Directions
Would you please return all of the entries below exactly as shown?

[Opening Data section section]

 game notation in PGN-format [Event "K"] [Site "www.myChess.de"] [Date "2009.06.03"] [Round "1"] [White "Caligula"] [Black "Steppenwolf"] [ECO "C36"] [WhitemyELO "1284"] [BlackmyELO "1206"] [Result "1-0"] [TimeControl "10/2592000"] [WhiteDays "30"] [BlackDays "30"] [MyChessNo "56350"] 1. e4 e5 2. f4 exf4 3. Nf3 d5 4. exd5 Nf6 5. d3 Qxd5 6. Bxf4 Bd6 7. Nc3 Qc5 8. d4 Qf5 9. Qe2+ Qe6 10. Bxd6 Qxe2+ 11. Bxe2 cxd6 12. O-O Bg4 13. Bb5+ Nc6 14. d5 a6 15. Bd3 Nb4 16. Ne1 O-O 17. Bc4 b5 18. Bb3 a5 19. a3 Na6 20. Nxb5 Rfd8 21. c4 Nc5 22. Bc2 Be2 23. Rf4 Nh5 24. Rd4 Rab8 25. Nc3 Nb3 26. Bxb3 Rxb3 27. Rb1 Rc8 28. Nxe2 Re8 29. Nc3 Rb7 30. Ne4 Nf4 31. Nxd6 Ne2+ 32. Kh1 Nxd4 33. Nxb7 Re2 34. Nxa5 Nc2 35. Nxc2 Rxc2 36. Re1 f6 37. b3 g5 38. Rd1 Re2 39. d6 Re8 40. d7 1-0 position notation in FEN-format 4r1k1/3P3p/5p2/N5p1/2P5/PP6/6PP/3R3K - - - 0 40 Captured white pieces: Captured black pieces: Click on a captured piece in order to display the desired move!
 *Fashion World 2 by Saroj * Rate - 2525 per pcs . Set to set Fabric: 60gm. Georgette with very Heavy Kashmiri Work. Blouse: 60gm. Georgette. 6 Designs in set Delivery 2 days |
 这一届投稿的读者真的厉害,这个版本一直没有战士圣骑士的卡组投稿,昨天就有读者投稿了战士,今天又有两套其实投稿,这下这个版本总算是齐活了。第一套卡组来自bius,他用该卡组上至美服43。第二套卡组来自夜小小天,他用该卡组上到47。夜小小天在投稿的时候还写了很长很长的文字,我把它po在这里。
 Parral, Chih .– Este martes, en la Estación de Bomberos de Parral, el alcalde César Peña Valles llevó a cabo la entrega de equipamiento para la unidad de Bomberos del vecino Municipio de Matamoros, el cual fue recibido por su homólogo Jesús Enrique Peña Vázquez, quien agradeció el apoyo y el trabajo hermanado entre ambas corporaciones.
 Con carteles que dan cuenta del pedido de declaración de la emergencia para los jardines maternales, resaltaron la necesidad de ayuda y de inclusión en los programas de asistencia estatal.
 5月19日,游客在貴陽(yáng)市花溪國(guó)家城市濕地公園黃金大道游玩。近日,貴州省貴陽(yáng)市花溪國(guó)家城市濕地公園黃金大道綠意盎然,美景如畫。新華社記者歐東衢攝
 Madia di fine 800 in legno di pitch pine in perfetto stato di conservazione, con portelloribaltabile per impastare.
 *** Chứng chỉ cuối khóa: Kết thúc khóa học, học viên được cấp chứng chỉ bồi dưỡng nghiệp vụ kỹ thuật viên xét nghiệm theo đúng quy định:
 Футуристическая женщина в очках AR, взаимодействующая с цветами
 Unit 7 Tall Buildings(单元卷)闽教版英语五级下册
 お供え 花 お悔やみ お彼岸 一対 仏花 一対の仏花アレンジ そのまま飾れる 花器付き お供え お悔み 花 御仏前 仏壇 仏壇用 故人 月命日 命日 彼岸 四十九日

[Closing Data section section]

Response to this exercise
 game notation in PGN-format [Event "K"] [Site "www.myChess.de"] [Date "2009.06.03"] [Round "1"] [White "Caligula"] [Black "Steppenwolf"] [ECO "C36"] [WhitemyELO "1284"] [BlackmyELO "1206"] [Result "1-0"] [TimeControl "10/2592000"] [WhiteDays "30"] [BlackDays "30"] [MyChessNo "56350"] 1. e4 e5 2. f4 exf4 3. Nf3 d5 4. exd5 Nf6 5. d3 Qxd5 6. Bxf4 Bd6 7. Nc3 Qc5 8. d4 Qf5 9. Qe2+ Qe6 10. Bxd6 Qxe2+ 11. Bxe2 cxd6 12. O-O Bg4 13. Bb5+ Nc6 14. d5 a6 15. Bd3 Nb4 16. Ne1 O-O 17. Bc4 b5 18. Bb3 a5 19. a3 Na6 20. Nxb5 Rfd8 21. c4 Nc5 22. Bc2 Be2 23. Rf4 Nh5 24. Rd4 Rab8 25. Nc3 Nb3 26. Bxb3 Rxb3 27. Rb1 Rc8 28. Nxe2 Re8 29. Nc3 Rb7 30. Ne4 Nf4 31. Nxd6 Ne2+ 32. Kh1 Nxd4 33. Nxb7 Re2 34. Nxa5 Nc2 35. Nxc2 Rxc2 36. Re1 f6 37. b3 g5 38. Rd1 Re2 39. d6 Re8 40. d7 1-0 position notation in FEN-format 4r1k1/3P3p/5p2/N5p1/2P5/PP6/6PP/3R3K - - - 0 40 Captured white pieces: Captured black pieces: Click on a captured piece in order to display the desired move!
 *Fashion World 2 by Saroj * Rate - 2525 per pcs . Set to set Fabric: 60gm. Georgette with very Heavy Kashmiri Work. Blouse: 60gm. Georgette. 6 Designs in set Delivery 2 days |
 这一届投稿的读者真的厉害,这个版本一直没有战士圣骑士的卡组投稿,昨天就有读者投稿了战士,今天又有两套其实投稿,这下这个版本总算是齐活了。第一套卡组来自bius,他用该卡组上至美服43。第二套卡组来自夜小小天,他用该卡组上到47。夜小小天在投稿的时候还写了很长很长的文字,我把它po在这里。
 Parral, Chih .– Este martes, en la Estación de Bomberos de Parral, el alcalde César Peña Valles llevó a cabo la entrega de equipamiento para la unidad de Bomberos del vecino Municipio de Matamoros, el cual fue recibido por su homólogo Jesús Enrique Peña Vázquez, quien agradeció el apoyo y el trabajo hermanado entre ambas corporaciones.
 Con carteles que dan cuenta del pedido de declaración de la emergencia para los jardines maternales, resaltaron la necesidad de ayuda y de inclusión en los programas de asistencia estatal.
 5月19日,游客在貴陽(yáng)市花溪國(guó)家城市濕地公園黃金大道游玩。近日,貴州省貴陽(yáng)市花溪國(guó)家城市濕地公園黃金大道綠意盎然,美景如畫。新華社記者歐東衢攝
 Madia di fine 800 in legno di pitch pine in perfetto stato di conservazione, con portelloribaltabile per impastare.
 *** Chứng chỉ cuối khóa: Kết thúc khóa học, học viên được cấp chứng chỉ bồi dưỡng nghiệp vụ kỹ thuật viên xét nghiệm theo đúng quy định:
 Футуристическая женщина в очках AR, взаимодействующая с цветами
 Unit 7 Tall Buildings(单元卷)闽教版英语五级下册
 お供え 花 お悔やみ お彼岸 一対 仏花 一対の仏花アレンジ そのまま飾れる 花器付き お供え お悔み 花 御仏前 仏壇 仏壇用 故人 月命日 命日 彼岸 四十九日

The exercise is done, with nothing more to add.